EXERCISE DATA.
• • • • •

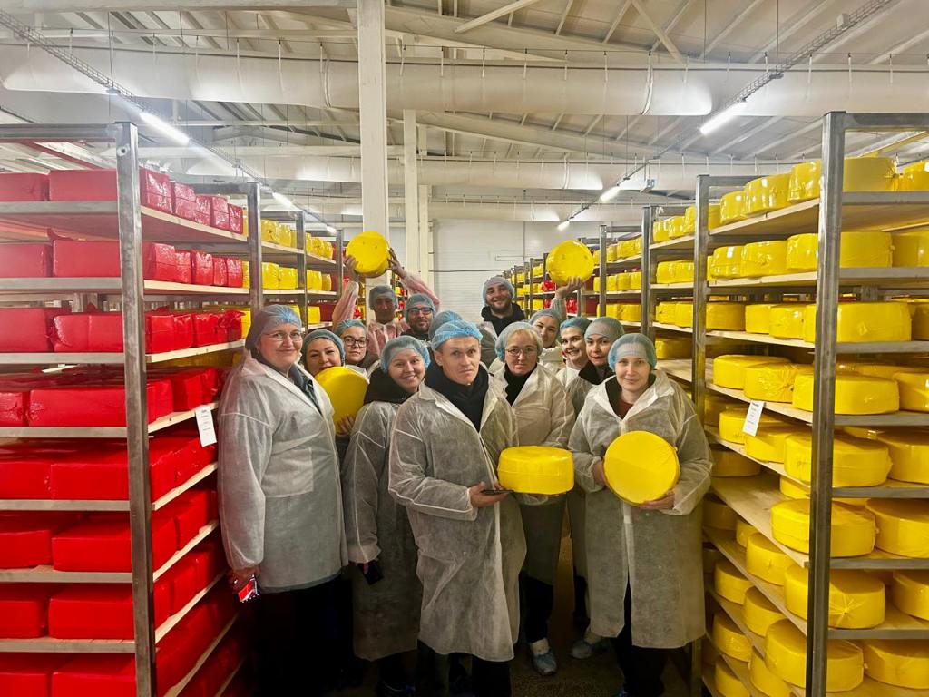 Так, в выходные слушатели проекта направились на производство ООО «Хузангаевское», которое принадлежит одному из лидеров сельского хозяйства в России- СПК «Звениговский». Предприятие находится в Алькеевском районе республики Татарстан. Долгая дорога оправдала все ожидания. Здесь начинающие фермеры посетили завод по производству сыра и сливочного масла. Главный технолог Алексей Красноперов провёл экскурсию по заводу, рассказав обо всех этапах и тонкостях изготовления различных видов сыров и самого вкусного и настоящего Хузангаевского масла. Для участников проекта провели дегустацию продукции. «На завод отправляется только свежее надоенное молоко с животноводческого комплекса, который находится рядом с маслосырзаводом», — приоткрыл нам секреты вкусных сыров и масла Алексей, которые, действительно, тают во рту.
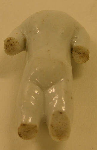 Frozen Charlottes were typically unjointed china dolls that ranged in height from 25 mm to 100 mm (the museum's example is 42mm). Originating in the USA, they were popular during the late 19th and early 20th centuries. The 25 mm (or 1") dolls were commonly known as 'penny dolls' as they sold for 1¢ in America.
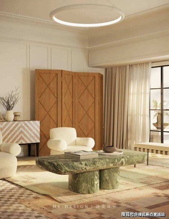 Thematcha-coloredmarblecoffeetableinthespaceislikeagemunearthedfromtheOrientalsecretland,withadeepandmysteriouscolor,formingasharpcontrastwiththesurroundingscenery.Theretrogreenlightingseemstohavecomethroughfromanancientcastle,withanelegantanduniqueshape,emittingacharminglight,envelopingtheentirespaceinamysteriousandromanticatmosphere.
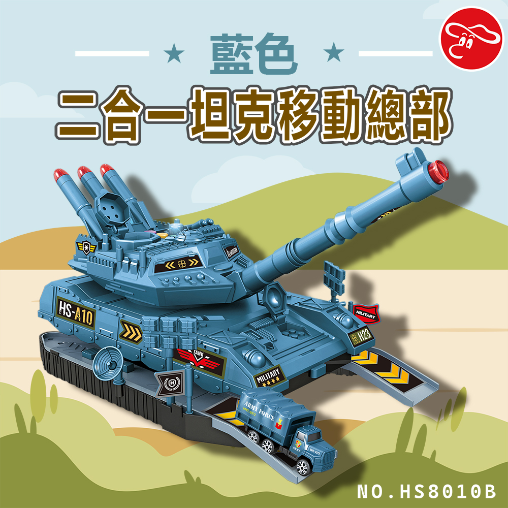 產品名稱:二合一坦克移動總部-藍色產品型號:HS8010B適玩年齡:3歲以上包裝尺寸:40.3*26*14.7CM產品尺寸:40*19.5*36CM產品顏色:藍電力需求:2顆1.5AA電池
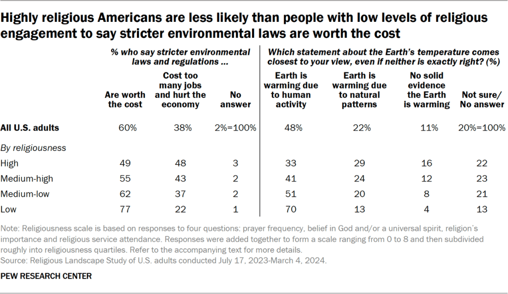 The survey also shows that Americans who are very religious are less likely than those with low and medium-low levels of religious commitment to view stricter environmental regulations as worth the cost, and to say that the Earth is getting warmer mostly because of human activity.

• • • • •

GOAL OF THE EXERCISE.
The task calls for duplicating the data exactly, with no images kept.

RESULT OF THIS EXERCISE.
 Так, в выходные слушатели проекта направились на производство ООО «Хузангаевское», которое принадлежит одному из лидеров сельского хозяйства в России- СПК «Звениговский». Предприятие находится в Алькеевском районе республики Татарстан. Долгая дорога оправдала все ожидания. Здесь начинающие фермеры посетили завод по производству сыра и сливочного масла. Главный технолог Алексей Красноперов провёл экскурсию по заводу, рассказав обо всех этапах и тонкостях изготовления различных видов сыров и самого вкусного и настоящего Хузангаевского масла. Для участников проекта провели дегустацию продукции. «На завод отправляется только свежее надоенное молоко с животноводческого комплекса, который находится рядом с маслосырзаводом», — приоткрыл нам секреты вкусных сыров и масла Алексей, которые, действительно, тают во рту.
 Frozen Charlottes were typically unjointed china dolls that ranged in height from 25 mm to 100 mm (the museum's example is 42mm). Originating in the USA, they were popular during the late 19th and early 20th centuries. The 25 mm (or 1") dolls were commonly known as 'penny dolls' as they sold for 1¢ in America.
 Thematcha-coloredmarblecoffeetableinthespaceislikeagemunearthedfromtheOrientalsecretland,withadeepandmysteriouscolor,formingasharpcontrastwiththesurroundingscenery.Theretrogreenlightingseemstohavecomethroughfromanancientcastle,withanelegantanduniqueshape,emittingacharminglight,envelopingtheentirespaceinamysteriousandromanticatmosphere.
 產品名稱:二合一坦克移動總部-藍色產品型號:HS8010B適玩年齡:3歲以上包裝尺寸:40.3*26*14.7CM產品尺寸:40*19.5*36CM產品顏色:藍電力需求:2顆1.5AA電池
 The survey also shows that Americans who are very religious are less likely than those with low and medium-low levels of religious commitment to view stricter environmental regulations as worth the cost, and to say that the Earth is getting warmer mostly because of human activity.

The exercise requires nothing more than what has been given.